Key tests are hijacking the curriculum

23rd June 1995, 1:00am

Share

Key tests are hijacking the curriculum

https://www.tes.com/magazine/archive/key-tests-are-hijacking-curriculum
I have recently completed the key stage 2 national tests with my Year 6 class.

According to the Government these tests should be used to assess the levels of understanding of children who have followed the KS2 curriculum. In other words, they should deal with areas covered by the children in the normal course of their work.

Having spoken to a number of colleagues working in different parts of the country it would seem that these tests have hijacked the curriculum and turned into something much bigger and potentially more damaging.

Many schools have apparently been “cramming” their pupils over a considerable period of time. Parents are able to buy a range of KS2 test books which appear to contain a large proportion of the questions from this year’s papers. In one school a teacher was selling copies of these books to parents.
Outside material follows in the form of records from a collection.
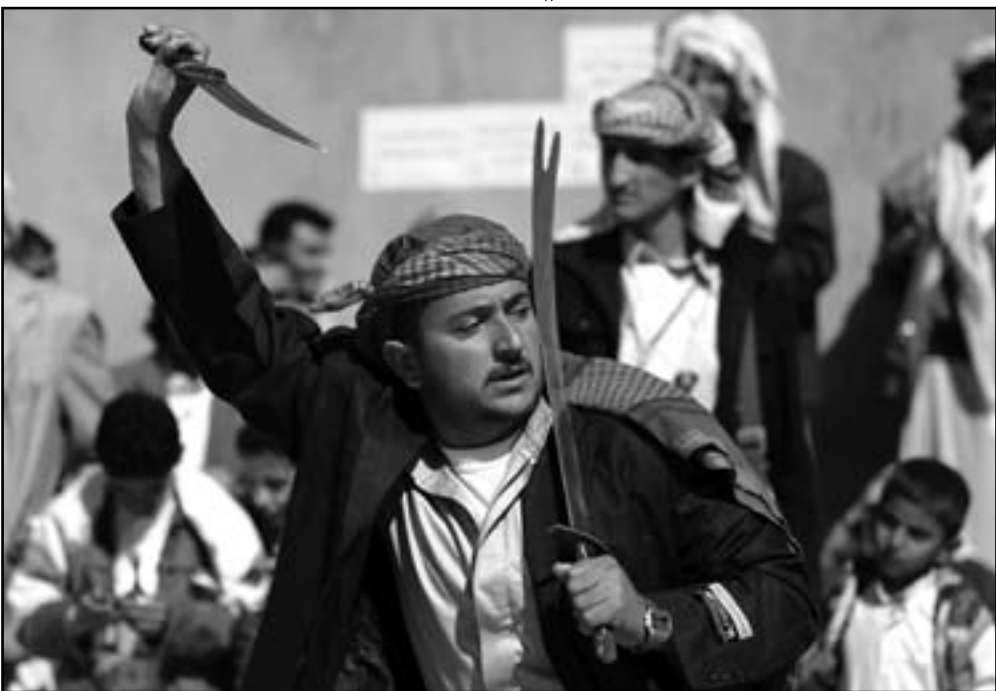
يمنيون يحتفلون بعيد الغدير السبت في صنعاء

صنعاء - يوب بي: كشف مصدر أممي يمني، امس الأحد، عن أن صفقة الأسلحة التي صادرتها سلطات ميناء عدن جنوب اليمن السبت تخص رجل أعمال وقيادي في حزب التجمع اليمني للإصلاح «الإخوان المسلمون»، وأن محاولات جرت للأفراج عن الصفقة من قبل مسؤولين في الحكومة اليمنية.
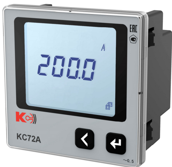
Рисунок 2 – Общий вид приборов KC72A (однофазная модификация)
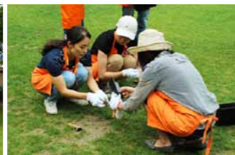
何か見つけたら写真で記録。引き継ぎの資料になります。
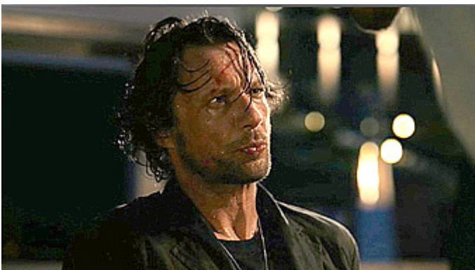
Kuva 8 (kuvakaappaus DVD:ltä). Vares – Huhtikuun tytöt . Vares ottaa iskuja vastaan.

The newspapers then reported that the Government considered it a good idea for parents to cram their children.

So where exactly is the value of these tests in assessing anything that bears a resemblance to the curriculum taught in primary schools? Since when has this been the way children have been encouraged to learn (the 11-plus springs easily to mind)? What are they measuring and for whose benefit? Certainly not whether the curriculum has been covered.

Already, in the most enlightened quarters, I have heard teachers saying that we must change the way we work in order to meet the needs of the tests.

From now on it will be a failing school that offers its children the broad stimulating, investigative curriculum where they are able to learn through doing rather than through chalk and talk alone. Successful schools will spend the final primary year drilling, going over past papers, in general narrowing down the curriculum to those things likely to come up in the tests in order to push their school’s grades up regardless of the benefit to the children.

There is also the issue of the emotional effect these tests have had on the children. True, there are some who thrive on the test conditions but there are as many who worked themselves into a state of panic despite my school’s attempts to play the tests down.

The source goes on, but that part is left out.